Que des clients puissent dépasser les bornes et avoir des comportements inacceptables n’est pas un phénomène nouveau. Nos précédents travaux détaillaient déjà la façon dont les organisations de service réagissent aux comportements de réclamations que l’on peut qualifier de « déviants », c’est-à-dire contraires au système de normes. On note toutefois des signes que la relation client continue à se tendre et l’on retrouve probablement ici un facteur aggravant de la désaffection manifeste pour certains métiers mal reconnus comme les livreurs ou les soignants, particulièrement touchés par la « Grande Démission ».
De façon certes plus ponctuelle statistiquement, mais terriblement plus impactante sur un plan symbolique, on voit se multiplier des épisodes violents de la part des clients, aux conséquences pour le personnel allant du (relativement) bénin, ce pilote d’avion récemment frappé par un passager pour un vol en retard par exemple, au dramatique avec par exemple, un employé d’une boutique Bouygues Télécom poignardé par un client en 2021 pour des différends commerciaux.

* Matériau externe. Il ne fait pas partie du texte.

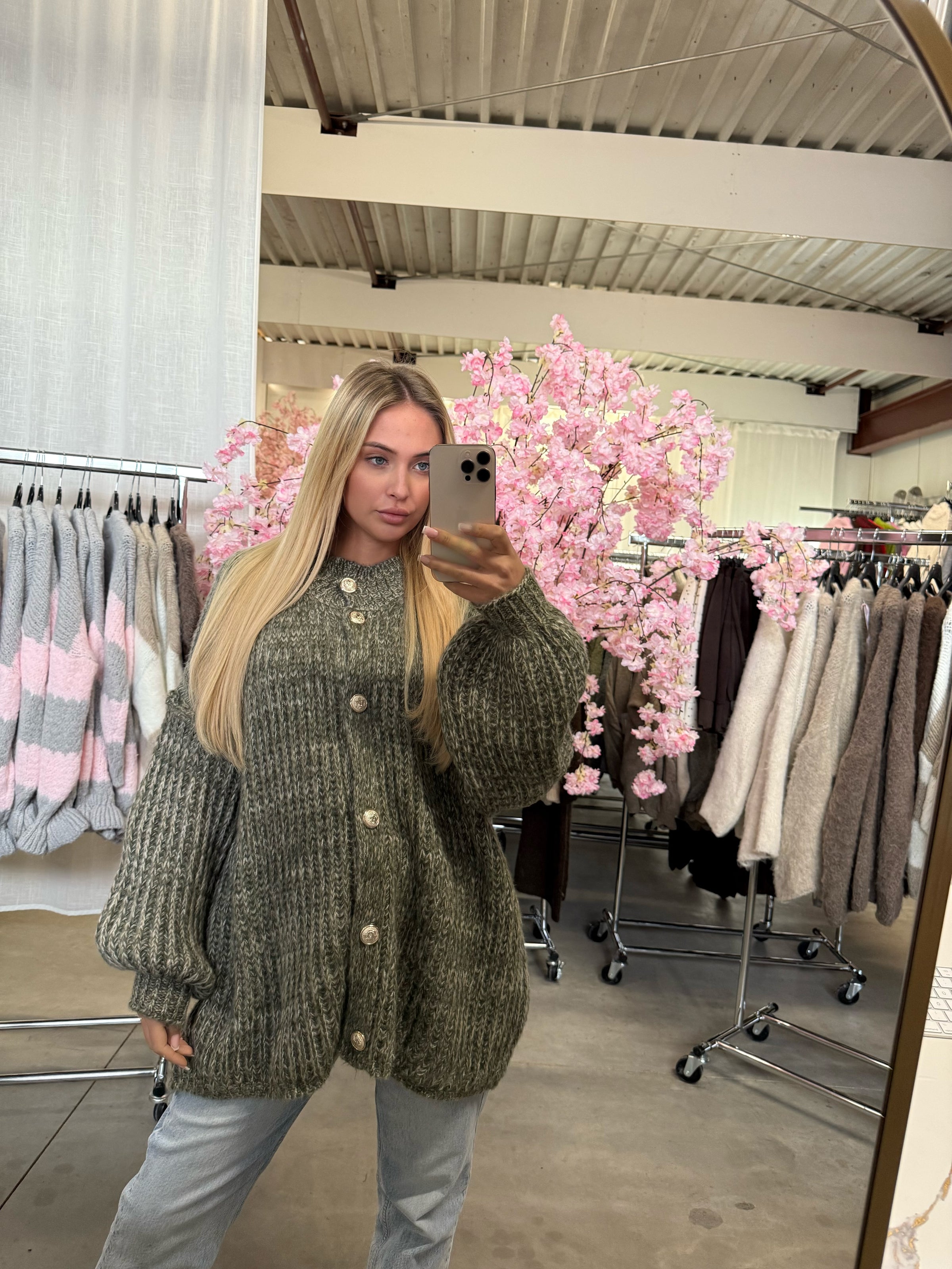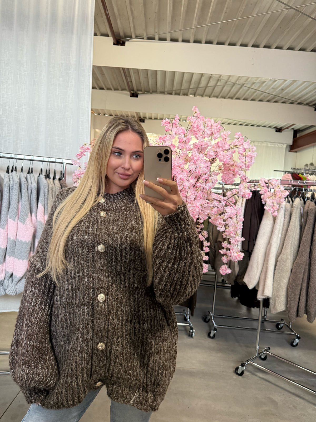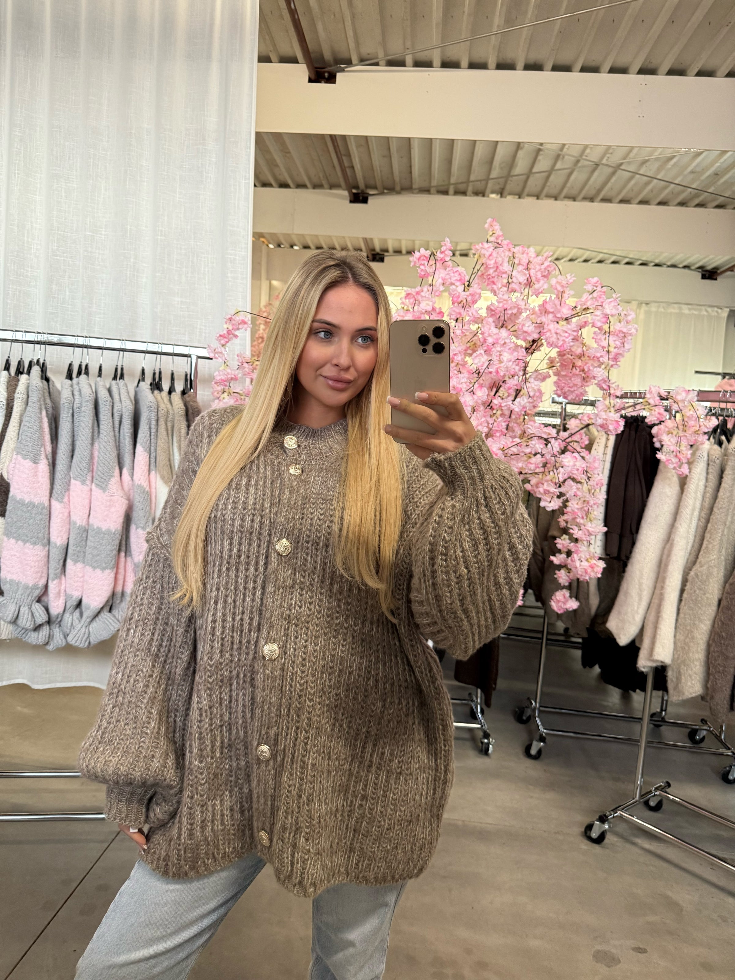 Diese Strickjacke ist in Einheitsgröße und eignet sich für Träger bis zur Größe 42.
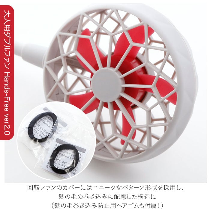 ・回転ファンのカバーにはユニークなパターン形状を採用し、髪の毛の巻き込みに配慮した構造に。(髪の毛巻き込み防止用ヘアゴムも付属!)
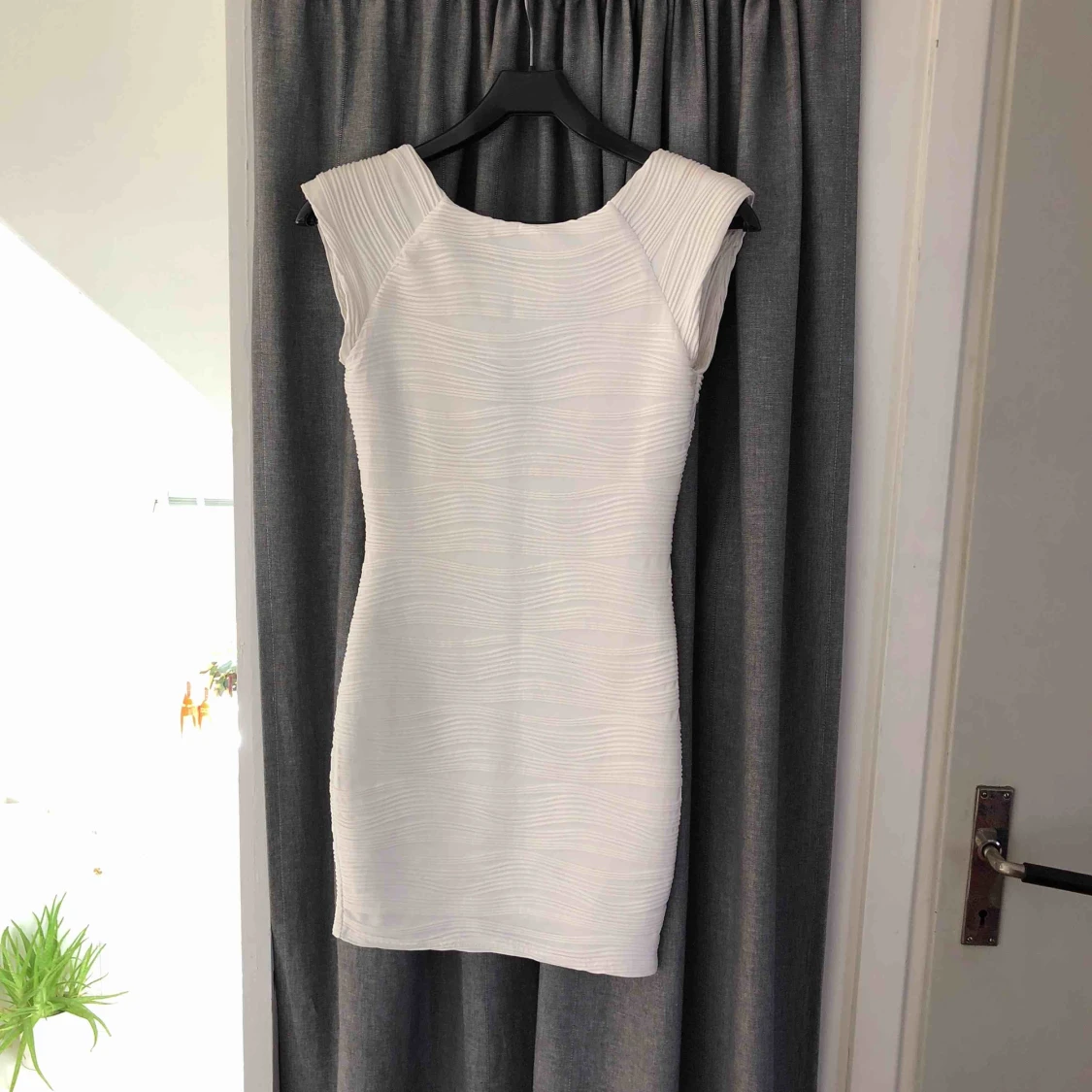 Jättefin vit klänning med räfflat tyg, aldrig använd. Perfekt examensklänning

Comment les employés s’organisent-ils pour tenir et pour gérer ces clients ? Les études sur le sujet font le constat récurrent d’un certain désarroi de leur part, du fait notamment d’une absence fréquente de soutien de la part de l’organisation et de son management. Comment font-ils dès lors qu’ils se retrouvent seuls face aux clients pour gérer ces situations tendues ? Et les pratiques de terrain qui leur permettent de faire face au quotidien, d’où viennent-elles ?
C’est à ces questions que notre recherche, menée dans le contexte d’un organisme social en France, a tenté d’apporter des réponses. Les agents de cet organisme sont chargés de la gestion et de l’attribution de certaines prestations aux résidents d’un département français et rencontrent régulièrement des situations tendues avec les…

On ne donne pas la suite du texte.